Declaração Universal dos Direitos do Homem estabeleceu a proteção à vida privada, além da proteção à honra, à família, ao domicílio contra ataques ou interferências arbitrárias. Em 1969, a Convenção Americana sobre Direitos Humanos – o Pacto de São José da Costa Rita – também contemplou a previsão à vida privada (GUERRA, 2007).

No Brasil, entretanto, a primeira menção legislativa sobre a proteção à vida privada e à intimidade apenas ocorreu em âmbito constitucional em 1988, no artigo 5°, X, como visto alhures, que estabelece a inviolabilidade à intimidade, à vida privada, à honra e à imagem, assegurado o direito à indenização pelos danos decorrentes de sua violação (BRASIL, 1988). Desde então, a privacidade passou a ser protegida como direito fundamental. Todavia, a doutrina e a jurisprudência, muito antes da promulgação da Constituição Federal de 1988, em que pese a ausência de legislação, reconheciam a privacidade como sendo um direito da personalidade, porém com um nítido caráter individualista. (LEONARDI, 2012)

Sobre a conceituação de privacidade, portanto, pode-se dizer que o seu entendimento varia de acordo com o sentido relativo e subjetivo de espaço e tempo, sendo que o legislador distinguiu vida privada e intimidade, porém sabe-se que a intimidade do cidadão é a sua vida privada, no recesso de seu lar. (CRETELLA JUNIOR, 1989)

Por isso a dificuldade em se conceituar o instituto. Alguns autores diferenciam, no entanto, a vida privada e a intimidade, tendo a intimidade um caráter mais restrito do que a vida privada. A intimidade, portanto, possui um núcleo mais restrito, uma privacidade qualificada, numa esfera mais profunda, sendo vedada a intromissão, tanto pelo Poder Público quanto pela sociedade, sendo inviolável se assim o indivíduo desejar. (SERRANO, 1997)

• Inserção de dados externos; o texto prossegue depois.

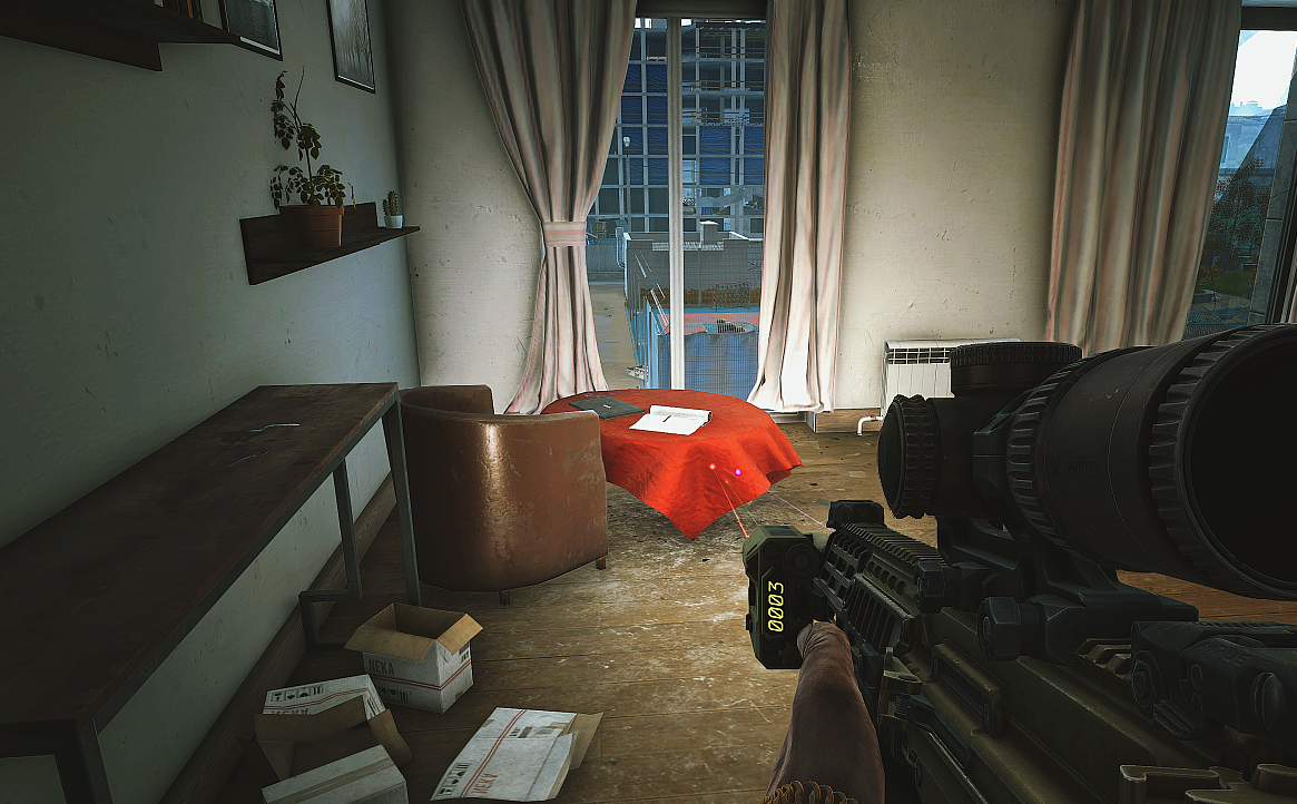 - [AI .338 LM Tactical Sound Moderator]를 붉은 테이블 근처에 숨겨두세요.

Entretanto, a distinção entre intimidade e privacidade torna-se, na visão de alguns doutrinadores, uma discussão meramente acadêmica, posto que o fato de o dispositivo constitucional ser extremamente abrangente pode levar, num primeiro momento, ao entendimento de que tratam-se de direitos diversos. Porém, essa parcela da doutrina afirma que a Constituição foi redundante, não havendo necessidade de distinção entre um e outro conceito. (LEONARDI, 2012)

Em síntese, o emprego dessas expressões – intimidade e vida privada – tem como finalidade impedir que divisões conceituais formuladas pela doutrina pudessem fazer escapar do âmbito da proteção constitucional “fração ou terreno demarcado da vida das pessoas”, possibilitando assim a mais ampla tutela, independentemente da distinção entre os conceitos de intimidade e vida privada. (LEONARDI, 2012, p. 83)

Sem a preocupação de distinguir vida privada e intimidade, posto que parece ser mais adequada a posição de que a discussão tem importância acadêmica e não prática – e ambos os institutos pertencerem aos direitos da personalidade –, importante destacar que a inviolabilidade da privacidade compreende o seu direito ao recato, ao isolamento, no convívio com a própria individualidade, como salienta Costa Junior: “Na vida privada, cogita-se da inviolabilidade da personalidade dentro de seu retiro, em seu mundo particular, à margem da vida exterior. Trata-se do cidadão na intimidade ou no recato, em seu isolamento moral, convivendo com a própria individualidade.” (COSTA JUNIOR, 1995, p. 221)

Desta forma, independente de se adotar uma distinção entre vida privada e intimidade, fato é que a privacidade – e tudo que a expressão possa abranger na esfera jurídica – é um direito fundamental, não sendo concebida a sua injusta violação. Entretanto, a facilidade com que a privacidade pode ser violada nos dias de hoje, especialmente no espaço virtual, de certa forma, banaliza a necessidade de proteção, o que também não se pode admitir. Essa questão será analisada no item 2.2 desta pesquisa.